One thing that I wholeheartedly agree with, nevermind the absurd illusions of some researchers, is that human beings and the natural world share a mutual will to communicate.  As to the terms of the language and the intentions of both parties, I think I need not pretend an opinion.  Clearly birds do not indicate to me, in their manner of greeting the human animal, a heartfelt hello, that if only I could understand the chirps, I would instantly recognize (and chirp back?)  Clearly the ecosystem, whatever your desire to name it something erotic, does not lovingly regard its inhabitants as "part of it all."  I was sitting at the Hardware Store, and staring out of my windshield thinking about all of this today, such that when I exited my car I realized that all the people within eyeshot of me, were startled to see that that guy finally decided to DO domething.  And what I was thinking was this:  the specific manner, and the quality of the data therin, of other cultures between species communications don't matter so much to me, as the teaching moment feeling that the seeming fact of their claims gives me.  There exists a ecological utilitarianism in the theory of these phenomenons. The idea of their claim of communication between bird and man is as potent as its proof to me. And useful.  But why?

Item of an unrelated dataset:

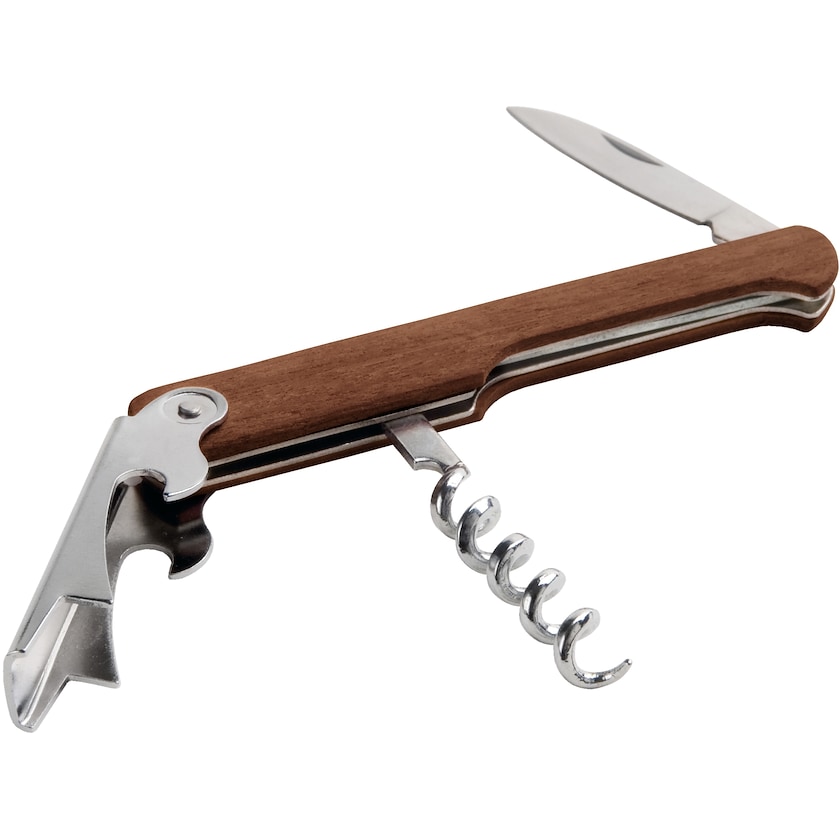 Elegant korketrekker av tre og stål. Korketrekkeren har også flaskeåpner og en liten kniv. Bestill korketrekker av tre med trykk hos Axon Profil!

  I recall accounts of Inuit having the ability to somehow read in the clouds and sky at certain times of day patterns that suggested very far off landscapes in some kind of fata morgana/atmospheric lensing.  In any case, this gave certain Inuit an advantage for survival and certainly a form of information that I wouldn't otherwise have heard or dreamed of.  How in the world could you see over the horizon by looking into the sky?   My sense about such phenomena (unproven) is that they are possible.  A mirage, after all, allows you to see very far through some kind of hot air lensed by the scalding desert floor.    It does not matter specifically whether such abilities could be relearned by we moderns or not, just as it does not matter that we are all not fire walkers, or monks with the ability to do the mamba with our heartbeat.  The fact of the human potential, and fruit of human focus, is the talking point here, and that's my rather unscientific take on the Inuit thing.  In situ, Alaska, all respect due to Mr. John Wayne, there COULD exist a fairly provacative atmosphere for the production of desperate measures in human behavior, and especially that paticular human favorite: the extension of the senses.  How then, in other circumstances of the human condition, are things favorable for the stopping, and smelling of roses of a different name?  For example, some kind of geographical information that birds may give to one another and therefore give to you, if you needed that information.  And some kind of verbal aknowledgement one might give a bird that he has something it might like to eat, or fair warning of a hawk that could kill it.  Necessity might mother something along those lines.

What occured to me at that Harware Store, that stopped me in my tracks, and literally seemed to be pulling at the edges of my brain was this;  just as a tree makes its space in the forest that it simultaneously constructs, the elements of the natural world conspire in their ecology to enrich the humans experience and respond in kind.  This is a somewhat necessarily clumsy way of saying that the world talks to us, and we it, in a language that is not necessarily conscious, and that the plants and animals constantly inform one another in ways that go beyond even evolving, scarcity, habitat creation and population change.  There is a language between species, of form and meaning, if not syntax.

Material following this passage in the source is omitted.